Hive SQL - Differences between Order By and Sort By
Hive provides two clause ORDER BY and SORT BY to sort results a query. However they are slightly different from each other.
Syntax of ORDER BY and SORT BY
For ORDER BY, the syntax is defined as below:
colOrder: ( ASC | DESC )
colNullOrder: (NULLS FIRST | NULLS LAST)
orderBy: ORDER BY colName colOrder? colNullOrder? (',' colName colOrder? colNullOrder?)*
query: SELECT expression (',' expression)* FROM src orderBy
For SORT BY, the syntax is very similar:
colOrder: ( ASC | DESC )
sortBy: SORT BY colName colOrder? (',' colName colOrder?)*
query: SELECT expression (',' expression)* FROM src sortBy
From syntax perspective, SORT BY doesn't support NULL ORDER sub clause. As other database engines, NULL cannot be compared with other non-null values, hence HQL also provides the NULL order clause (NULLS FIRST or NULLS LAST, available from Hive 2.1.0) to decide the sequence of NULL values.
Differences
Hive sorts the rows using columns specified in SORT BY before sending the data to reducer. Thus SORT BY only guarantees the order per reducer while ORDER BY will decide the total order of records in the final output.
Examples
The following are some examples of using these two clauses. The table used was created in Hive SQL - Aggregate Functions Overview with Examples.
Use ORDER BY
select * from hivesql.transactions ORDER BY acct ASC, txn_date;
Results:
+--------------------+----------------------+------------------------+ | transactions.acct | transactions.amount | transactions.txn_date | +--------------------+----------------------+------------------------+ | 101 | 102.01 | 2021-01-01 | | 101 | 10.01 | 2021-01-01 | | 101 | 900.56 | 2021-01-03 | | 102 | 93.00 | 2021-01-01 | | 102 | 913.10 | 2021-01-02 | | 103 | 913.10 | 2021-01-02 | +--------------------+----------------------+------------------------+
Use SORT BY
select * from hivesql.transactions SORT BY acct ASC, txn_date;
Results:
+--------------------+----------------------+------------------------+ | transactions.acct | transactions.amount | transactions.txn_date | +--------------------+----------------------+------------------------+ | 101 | 102.01 | 2021-01-01 | | 101 | 10.01 | 2021-01-01 | | 101 | 900.56 | 2021-01-03 | | 102 | 93.00 | 2021-01-01 | | 102 | 913.10 | 2021-01-02 | | 103 | 913.10 | 2021-01-02 | +--------------------+----------------------+------------------------+
The above result is exactly the same as ORDER BY as there is only on reducer.

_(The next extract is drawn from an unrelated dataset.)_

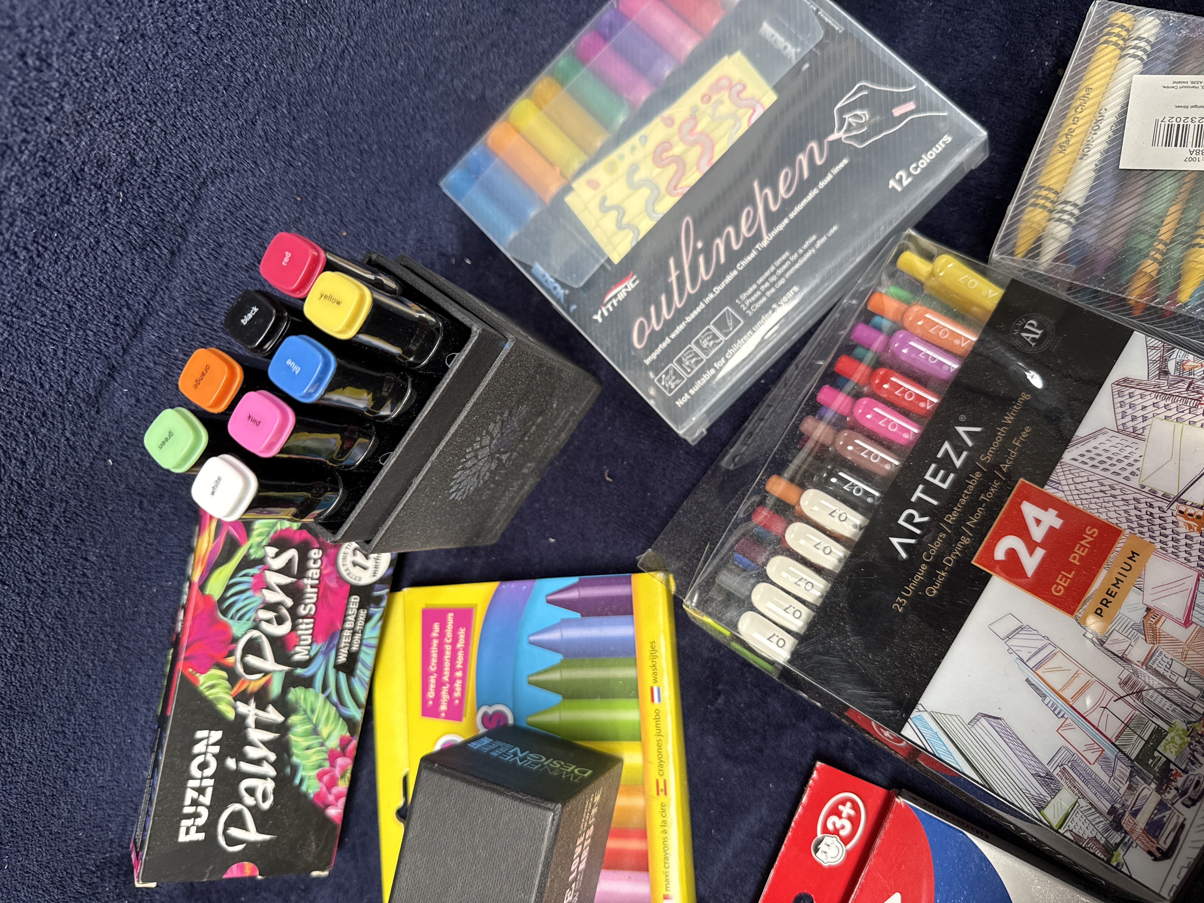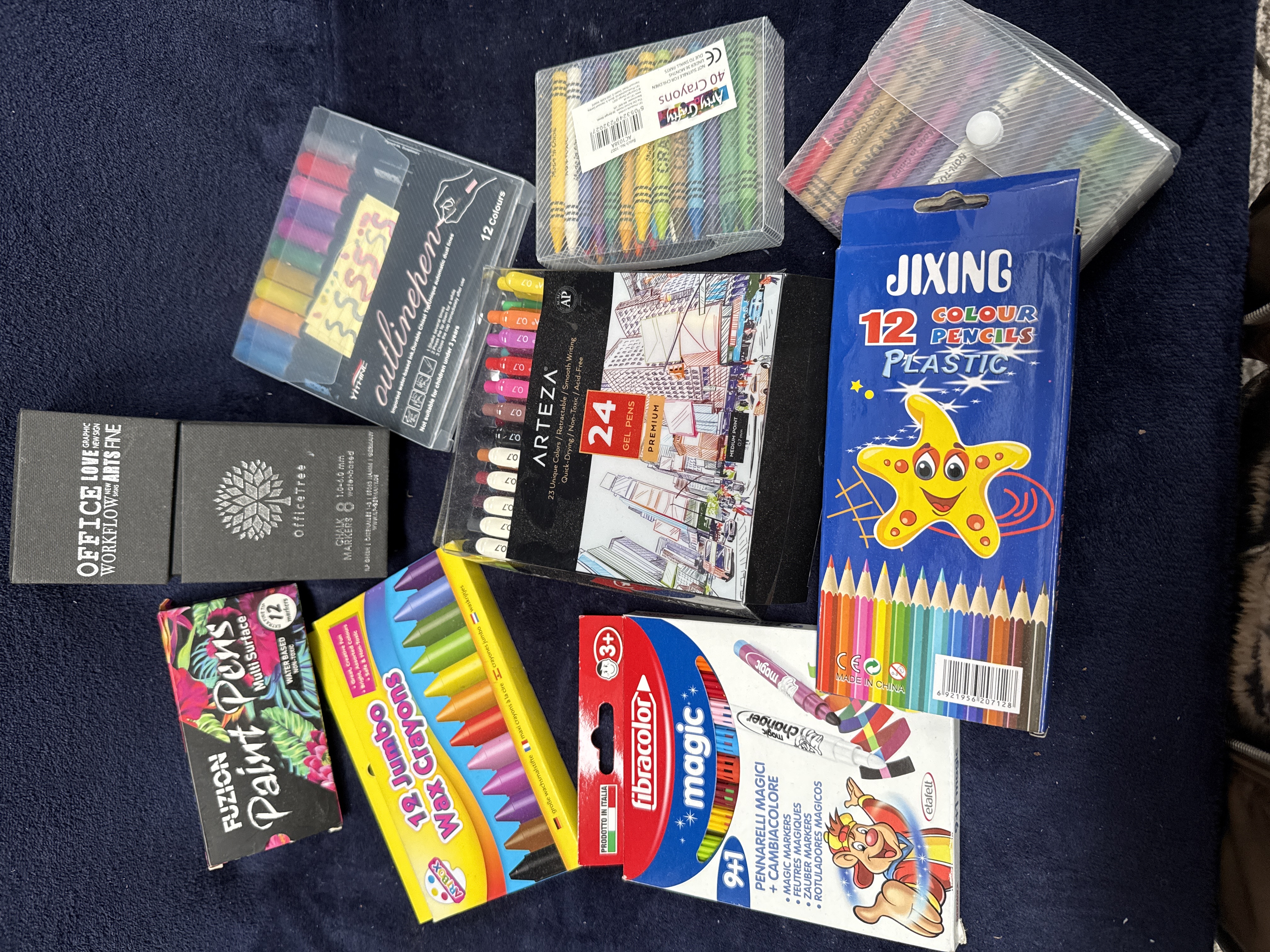 An assortment of stationery and art supplies comprising various sets of pens, markers, and crayons. The collection includes a box of 24 gel pens bearing the mark of Arteza, a pack of 12 plastic colour pencils bearing the mark of Jixing, and a set of 10 markers (9+1) bearing the mark of Fibracolor. The lot also contains a box of paint pens bearing the mark of Fuzion, a box of 12 jumbo wax crayons bearing the mark of Artbox, and a pack of 8 water-based chalk markers bearing the mark of OfficeTree. Additional sets include 12 outline pens in a clear case bearing the mark of YITHINC, a bulk pack of 40 crayons bearing the mark of Arty Crafty (barcode 5053249232027), and an open box of dual-tip markers bearing the marks of Office Love and Workflow Arts Fine. The items are housed in a mixture of original retail packaging, clear plastic cases, and pouches.

Let's increase reducer to 2 and then run the script again:
set mapreduce.job.reduces=2; select * from hivesql.transactions SORT BY acct ASC, txn_date;
Results:
+--------------------+----------------------+------------------------+ | transactions.acct | transactions.amount | transactions.txn_date | +--------------------+----------------------+------------------------+ | 101 | 10.01 | 2021-01-01 | | 102 | 93.00 | 2021-01-01 | | 102 | 913.10 | 2021-01-02 | | 103 | 913.10 | 2021-01-02 | | 101 | 102.01 | 2021-01-01 | | 101 | 900.56 | 2021-01-03 | +--------------------+----------------------+------------------------+
The results are now in different sequence as SORT BY will only guarantee orders of records in each reducer. However, the result will stay as the same if using ORDER BY.